Re-use of the Training Dataset: What (if anything) to do about it?


Back in November (2017) I found out that the training dataset was being repeated, week after week, for quite some while. I haven’t been downloading the datasets, so I don’t know if this is still the case. If it’s not (i.e., if training datasets now ARE changing, week by week) please just tell me so, and ignore the rest of this post.

From this point on, I’ll assume that training data is NOT changing, at least not EVERY week. The question that comes immediately to mind (I write two months later) is this: doesn’t that make the validation datasets of previous weeks, usable as extra training datasets for this week? I’ll use the name “retention” for this strategy (of training on previous weeks’ validation datasets) in the questions that follow.

Question 1: Is retention NOT advantageous, to the individual modeler? I’d find that quite counter-intuitive, but Numerai’s homomorphic encryption voodoo may make such things possible. If it indeed is NOT advantageous, I think Numerai would want to tell us so: then we’d all have more time to make good models, that contribute to their meta-model.

Question 2: Okay, if retention IS advantageous, to the individual modeler… is it ALSO advantageous to Numerai? I.e., does it improve the performance of their meta-model?

If “Yes”: then I think Numerai would want to keep all those previous validation datasets readily available to all of us, to make their meta-model that much better.

If “No” (i.e., retention HELPS individual modelers, but HURTS Numerai): then Numerai IS getting hurt by retention, because the retaining modelers will inevitably dominate the contest. So it would then behoove Numerai to start changing that training dataset, or at least re-encrypting all the datasets every week. Is the encryption too expensive?

I quit the slack channel (its busy intrusiveness annoyed me), so anyone is welcome to copy this post over there.

Thank for for reading all this!


Validation and Test data also don’t change. Only the Live data changes week to week.


Thanks for that clarification.

I’m surprised that Numerai doesn’t compel more frequent re-training of our models. Wouldn’t models trained on fresher data, yield for them a better performing meta-model?

I would read with great interest, any reply from Numerai personnel.
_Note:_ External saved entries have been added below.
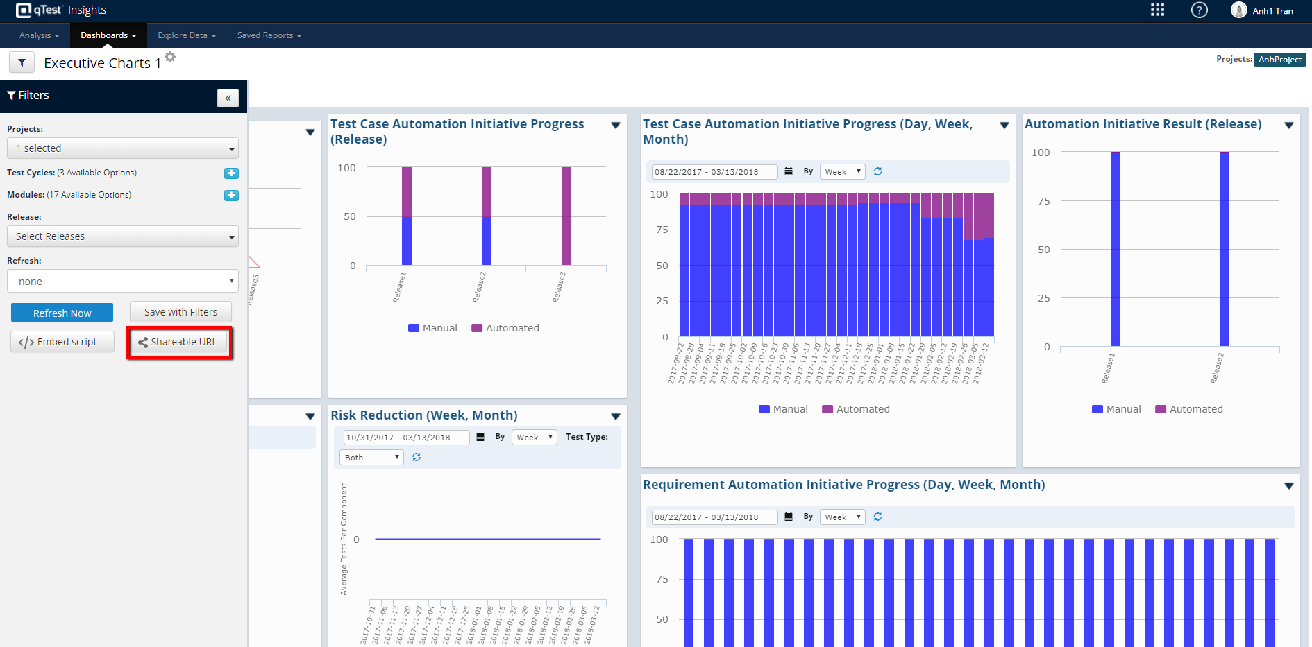 At any time you can generate a new, secure Dashboard Token that will replace the previously created Dashboard Token. The new token will be used by qTest to generate a shareable URL.
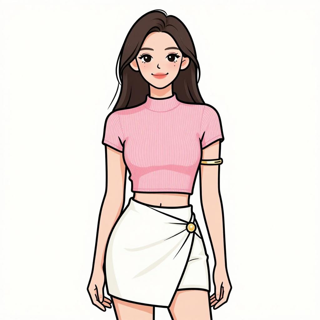Woman with pretty face and pretty hair. smiling Woman, contemporary minimalist, pale pink ribbed mock neck crop top with short sleeves, white asymmetrical wrap mini skirt, delicate gold bangle, small gold upper arm cuff bracelet, white background. --sref 1467
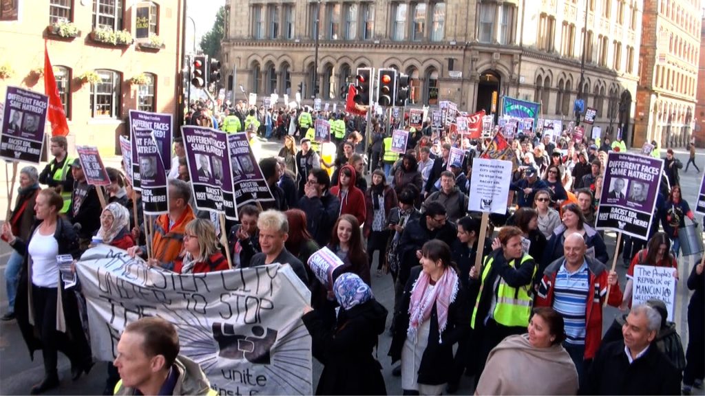 Thousands of protestors march to oppose a far right English Defence League (EDL) demonstration, Manchester, UK. 02/03/2013.
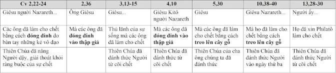 Ở trung tâm của bài giảng là cái chết của Đức Giêsu, nhưng khác với các bản tuyên xưng đức tin và các thánh thi, lời công bố chủ yếu kèm theo việc đóng đinh vào thập giá (4 lần trong số 6 bài): 2 lần với động từ “đóng đinh vào thập giá” (staurôo), 2 lần với thuật ngữ “treo trên cây gỗ” và 1 lần động từ “đóng đinh” (prospègnymi). Việc xác định hình thức cái chết của Đức Giêsu đã có từ lúc đầu, hay là có thể gán cho Luca? Dù sao đi nữa, cách thức phát biểu nhắc đến một phản ứng nằm trong bài giảng tiên khởi của Kitô giáo. Người ta nhận rằng mỗi khi nói đến thập giá (dưới ba dạng thức vừa nói), thì luôn kèm theo sự phục sinh hay suy tôn Đức Giêsu. Sự can thiệp tiêu cực của các nhà cầm quyền Do-thái được đối chọi với sự can thiệp tích cực của Thiên Chúa để bênh vực Đức Giêsu. Người ta cảm thấy một thái độ tự vệ, quan tâm đến việc xác định rằng, nếu Đức Giêsu đã phải chịu chết trên thập giá, thì đó là do sự bất công của loài người chứ không phải là hình phạt của Thiên Chúa. Đặc biệt, ở Cv 5,30 và 10,39, người ta gặp thấy thuật ngữ “treo trên cây gỗ”, được nói đến trong Đnl 21,22-23 (bản dịch Hy-lạp). Đoạn văn này tuyên bố Thiên Chúa chúc dữ kẻ nào mắc phải tội tử hình, bị hành quyết, và thân thể bị treo lên công khai ở trên một cây, nhằm đánh dấu sự sỉ nhục và ngăm đe. Các bản văn của Qumrân (4 QpNahum; 11 QTemple) đã chứng tỏ rằng vào thời Đức Giêsu, người ta đã quen đồng hóa việc chịu đóng đinh vào thập giá với cảnh tượng treo trên cây mà đoạn văn Cựu Ước nói tới. Vì thế, bài giảng tiên khởi dành cho dân Do-thái đã đụng phải vấn nạn là Đức Giêsu bị Thiên Chúa chúc dữ bởi vì chết trên thập giá. Chính thánh Phaolô, trong Gl 3,13, trong một bối cảnh tranh luận với những người theo đạo Do-thái, đã đụng tới vấn nạn này, mà sau này nó còn trở lại ở thế kỷ II, nơi thánh Giustinô (Tryph., 23) và Tertullianô (Adv. Jud., 10). Như thế sự nhấn mạnh của sách Tông đồ Công vụ xem ra là một phản ứng tự vệ chống lại những vấn nạn được nêu lên khi rao giảng cây thập giá: không, Đức Giêsu không bị Thiên Chúa nguyền rủa đâu; ngược lại, Thiên Chúa đã cho Người chỗi dậy từ cõi chết.

Yes, I would imagine fresher and more data would usually be better, so I’m not really sure why we don’t get previous competitions’ live data regularly included into the dataset. Since the people at Numerai aren’t stupid and know that more data would give us a better chance of finding signal in the data, I assume they have a good reason for not updating the data more often, but I have no idea what that reason is.